Stored entries:
===============

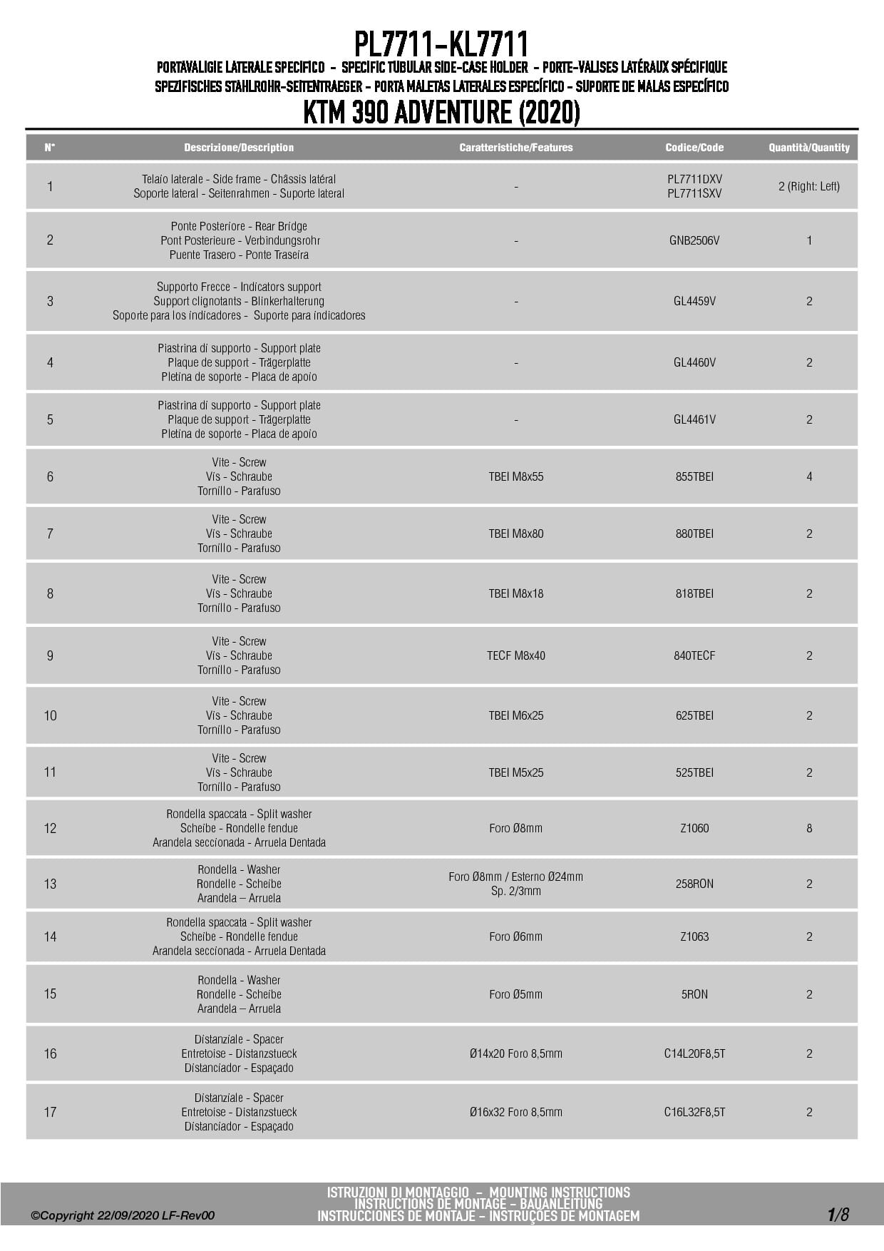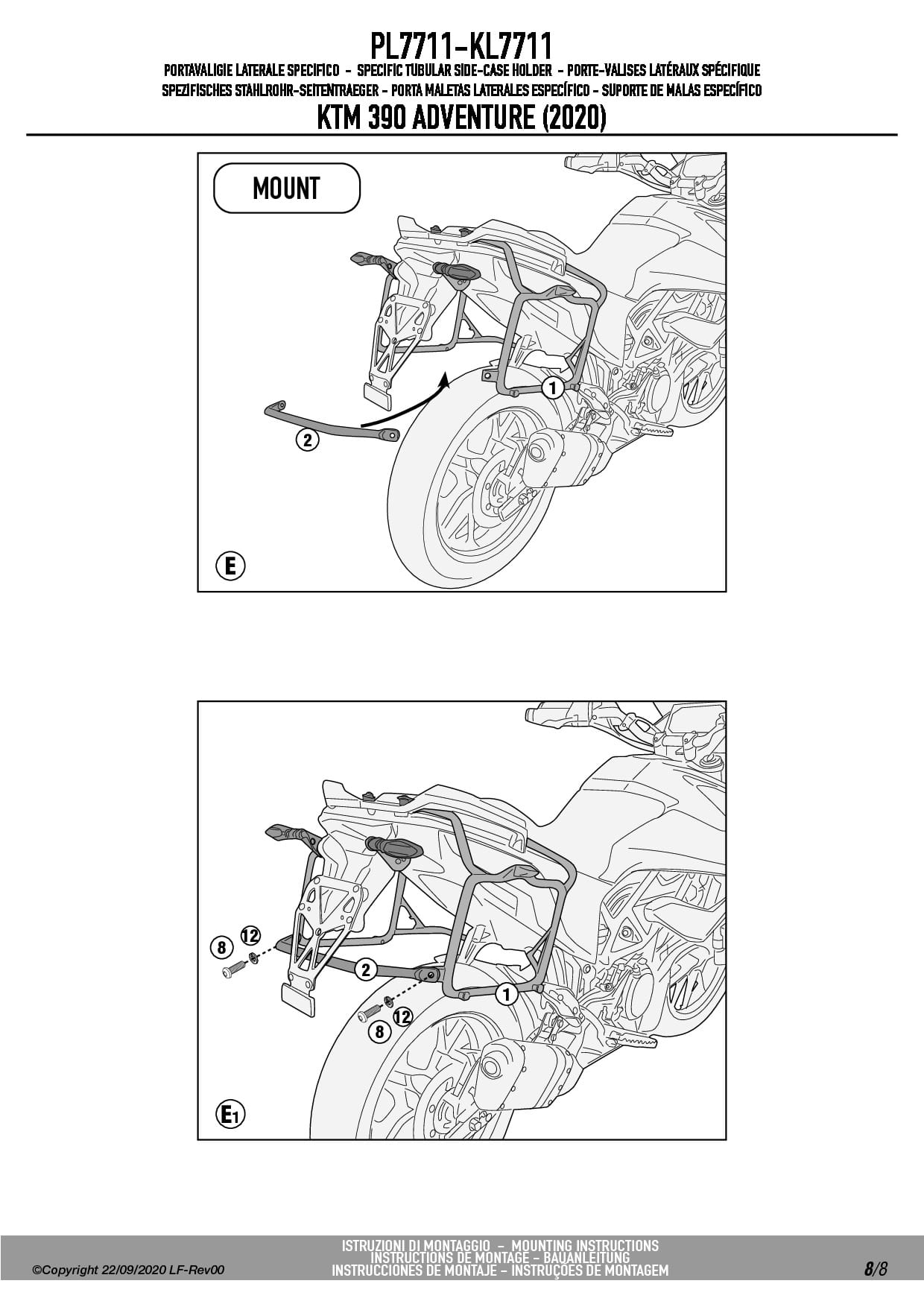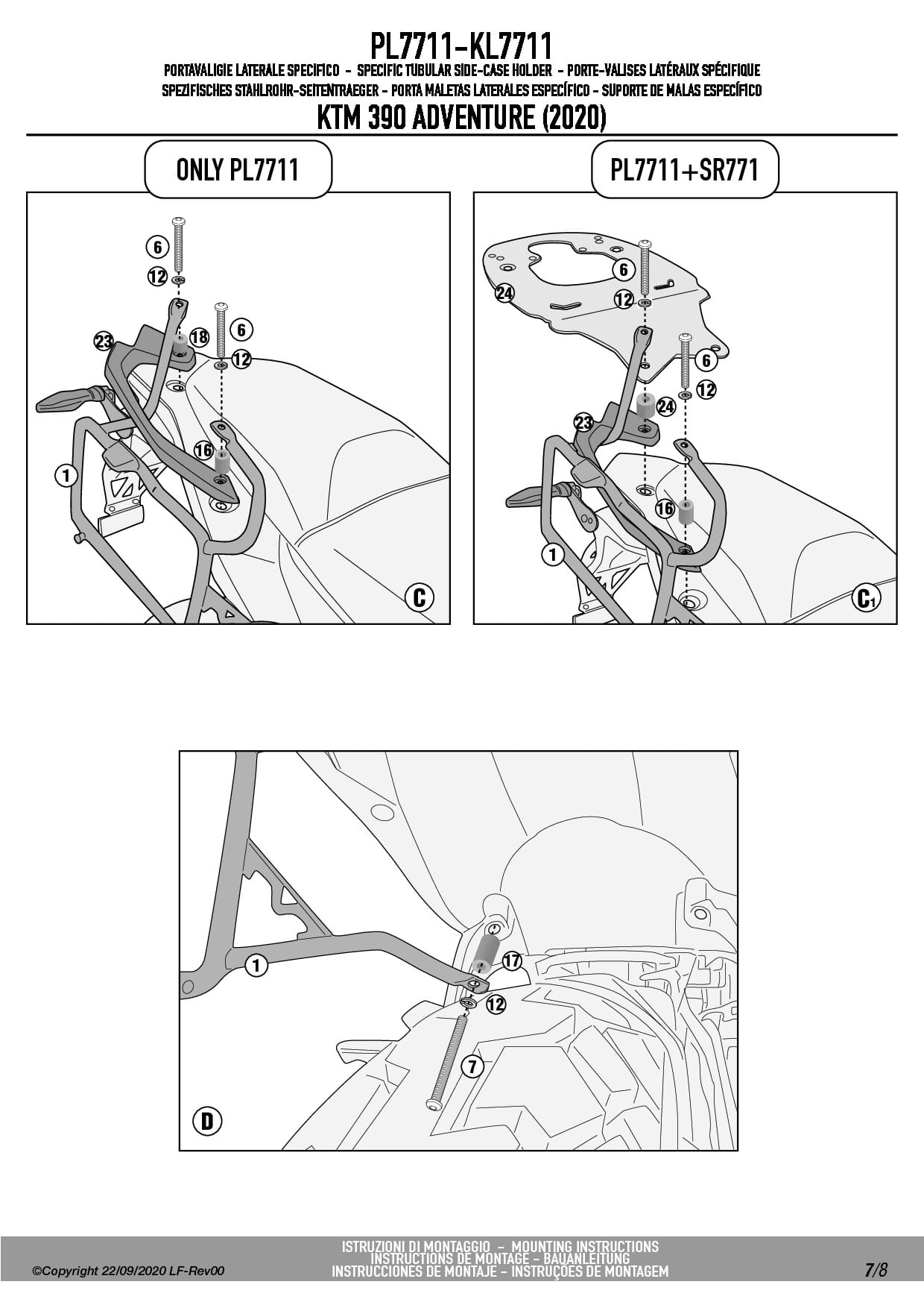 Dodatkowe adnotacje do stelaży bocznych Givi PL7711:
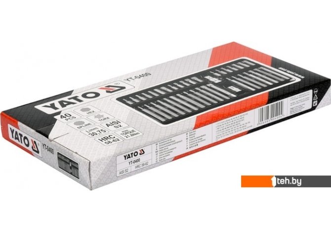 Фотографии, описание и технические характеристики модели Yato YT-0400 (40 предметов) взяты из открытых источников, официального сайта производителя или представительства Yato в Республике Беларусь.
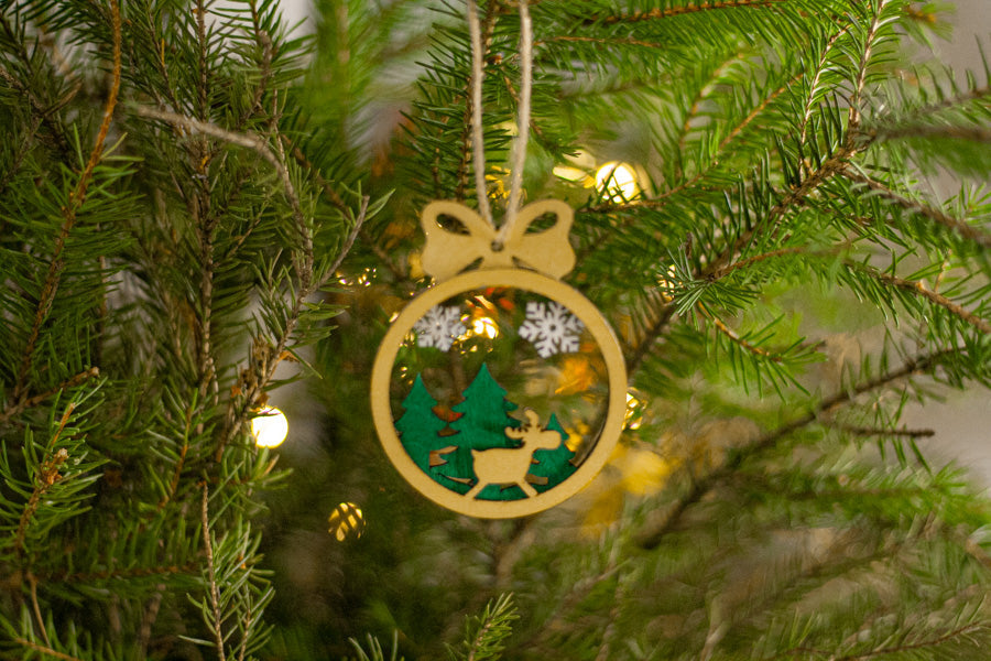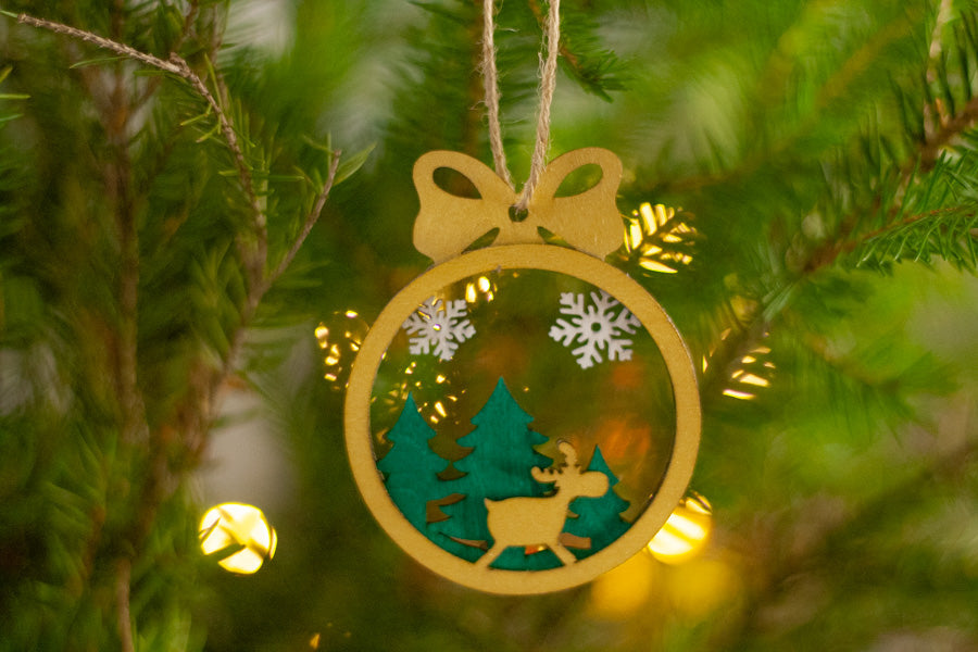 Kerroksellinen puinen joulukoriste, jossa kaiverrettuna pala suomalaista metsänhenkeä porojen ja leijailevien lumihiutaleiden kera.
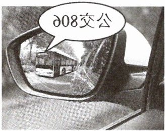1. 如图所示,为某轿车通过后视镜(看成平面镜)看到的情景,该公交车线路为 (
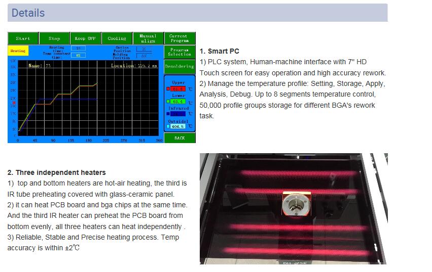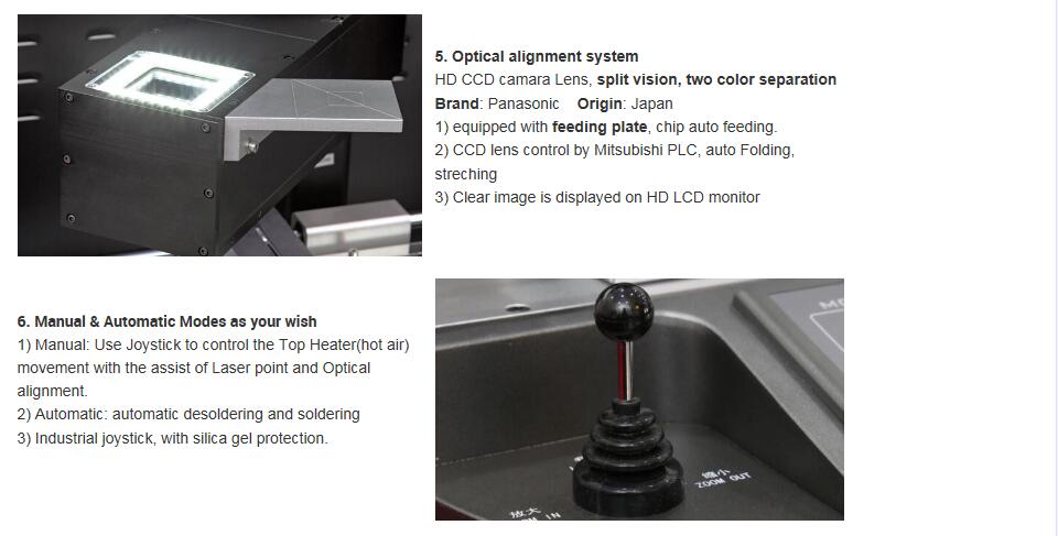 * HD CCD optiskās izlīdzināšanas sistēma precīzai BGA un komponentu montāžai. CCD objektīva automātiska saliekšana un strečings.
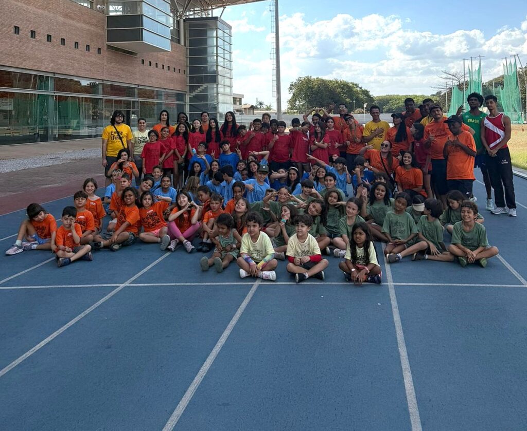 Mas a grande experiência do dia foi o treino especial no CTE da UFMG, onde as crianças tiveram contato com o universo do atletismo olímpico! Sob orientação, elas participaram de estações práticas com:

===============

Task to complete: Although the records contain pictures, only the text should be copied, exactly as it stands.

Solution to this exercise:
 Dodatkowe adnotacje do stelaży bocznych Givi PL7711:
 Фотографии, описание и технические характеристики модели Yato YT-0400 (40 предметов) взяты из открытых источников, официального сайта производителя или представительства Yato в Республике Беларусь.
 Kerroksellinen puinen joulukoriste, jossa kaiverrettuna pala suomalaista metsänhenkeä porojen ja leijailevien lumihiutaleiden kera.
1. 如图所示,为某轿车通过后视镜(看成平面镜)看到的情景,该公交车线路为 (
 * HD CCD optiskās izlīdzināšanas sistēma precīzai BGA un komponentu montāžai. CCD objektīva automātiska saliekšana un strečings.
 Mas a grande experiência do dia foi o treino especial no CTE da UFMG, onde as crianças tiveram contato com o universo do atletismo olímpico! Sob orientação, elas participaram de estações práticas com:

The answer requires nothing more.